Before the lovely afternoon I spent getting to know those three books, I was reading three OTHER books on my Kindle. One was This is How You Lose the Time War by Amal El-Mohtar, which I pre-ordered and waited for impatiently, and it is awesome - time-travelly and badass woman-ful and I think kind of gay - but it's very dense and I'm enjoying reading it very slowly. Two was Tide of Stone by Kaaron Warren - I've read a few of her short stories and they are devastatingly good and very much not for the faint of heart. This is also extremely original and inventive and laden with doom and dread, but there is very little narrative energy, so again I'm reading it slowly. Three is The Starlit Wood: New Fairy Tales edited by Dominik Parisien. So far I've read a fantastic Little Red Riding Hood retelling by Seanan McGuire, a story by Karin Tidbeck that completely turns fairy tale logic upside down and a version of Hansel and Gretel by Daryl Gregory that is both howlingly funny and extremely moving and has a ton of drugs in it.

But right now I am concentrating solely on finishing The Idiot by Elif Batuman for book club, which would normally have been last night, but we're down a member so we're not starting until October this year, which, given the way this month has gone is kind of a relief.

I can't remember who picked this book and I didn't know much about it going in. The first thirty or so pages didn't leave me impressed. I couldn't tell if it was a memoir or fiction, and it just seemed to be a journally account of a young woman's first year at Harvard with a lot of so what-type moments. The next hundred pages won me over to an extent - there was a bunch of fun linguistic stuff: "In linguistics class, we learned about people who had lost the ability to combine morphemes, after having their brains perforated by iron poles. Apparently there were several such people, who got iron poles stuck in their heads and lived to tell the tale – albeit without morphemes. By studying where the poles were, and what morphemes got lost, you could figure out where the morphemes were stored". There were a few laugh-out-loud moments: "The whole week was depressing. I spent nine hours of it shivering, wrapped in the Gogolian coat, through a nine-hour documentary about the Holocaust. At some point I thought I had grown a lump in my thigh, but it turned out to be a tangerine – it had fallen through a hole in the pocket and ended up trapped in the lining".

There were also a couple of clunky lines that reminded me of things that I wrote in college and considered terribly profound: at one point she looks at a bunch of people in a pool learning how to scuba dive and thinks "how did all those people know that they wanted to learn how to scuba dive?" Ugggghhhh. Also, she's falling in love with another student through a series of incredibly pretentious email exchanges which just make me want to warn her that he will have the worst man-colds imaginable and won't ever change a diaper. So I'm not all in, but it's diverting enough. 

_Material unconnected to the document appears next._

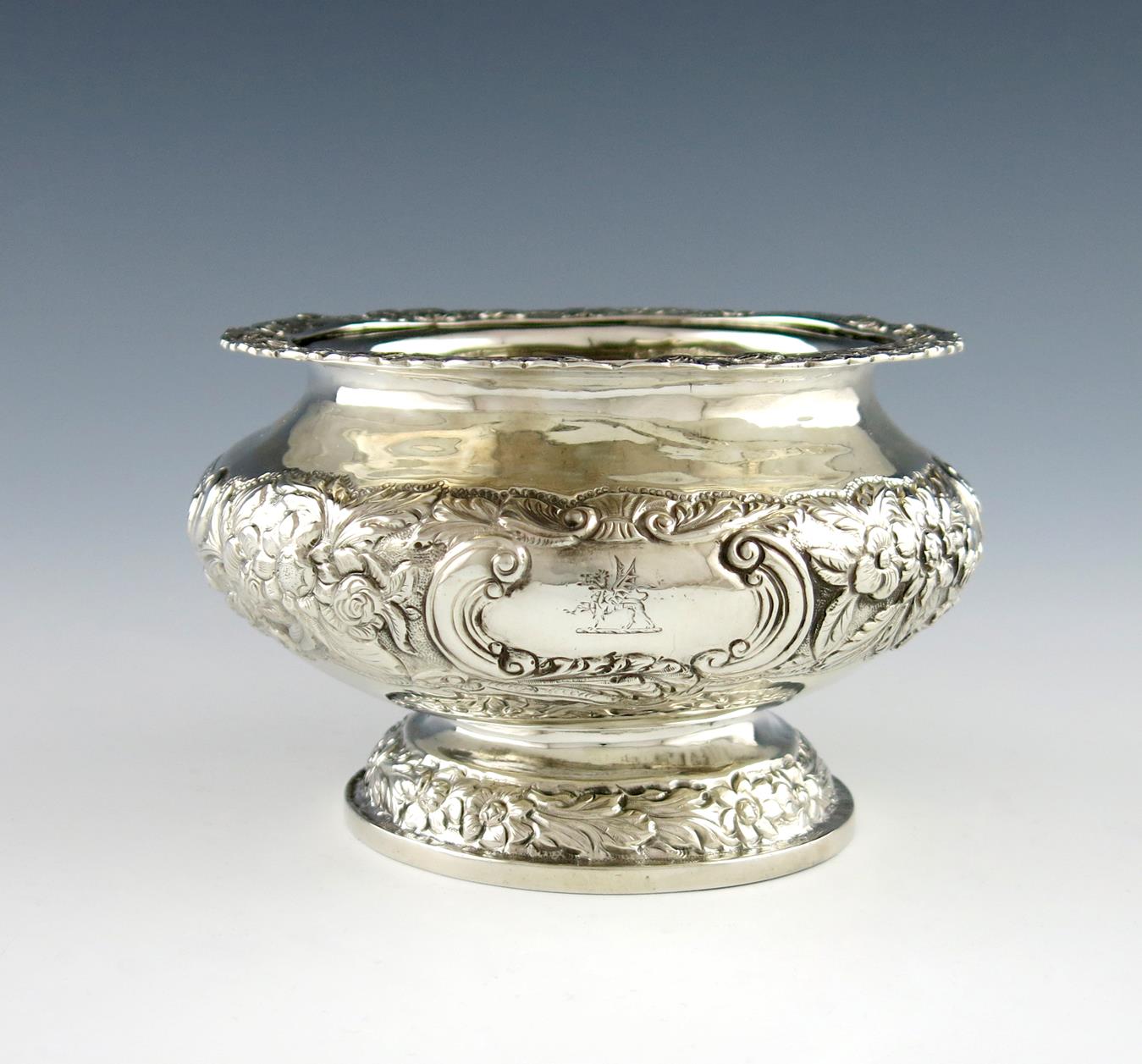 circular bellied form, embossed with foliate scroll decoration, foliate borders, with two cartouches with a crest and initials, on a raised circular foot, diameter 15cm, approx. weight 10.2oz.

So obviously my reading life is completely out of control, but I'm happy and excited about all of it, and will share many more morphemes presently.

Comments

Mary Lynn said…
“Also, she's falling in love with another student through a series of incredibly pretentious email exchanges which just make me want to warn her that he will have the worst man-colds imaginable and won't ever change a diaper.“

You crack me up. 😂

Your reading skills impress me to no end. I have a terrible time keeping track of what’s going on in books if I read too many at once. I’ve learned I can handle having one fiction and one-nonfiction on the go and that works pretty well.
StephLove said…
My reading kind of ground to a half in mid-August when Noah left. Trying to get back into it.
Ernie said…
I usually do not read during the school year. No time. But I joined my college book club and I am finding time to read. I could NEVER read more than one book at once. I just finished 'Red Notice' - I am not all that interested in the financial world so it was not my favorite. I just picked up 'Educated' for our next book club book. It sounds really good!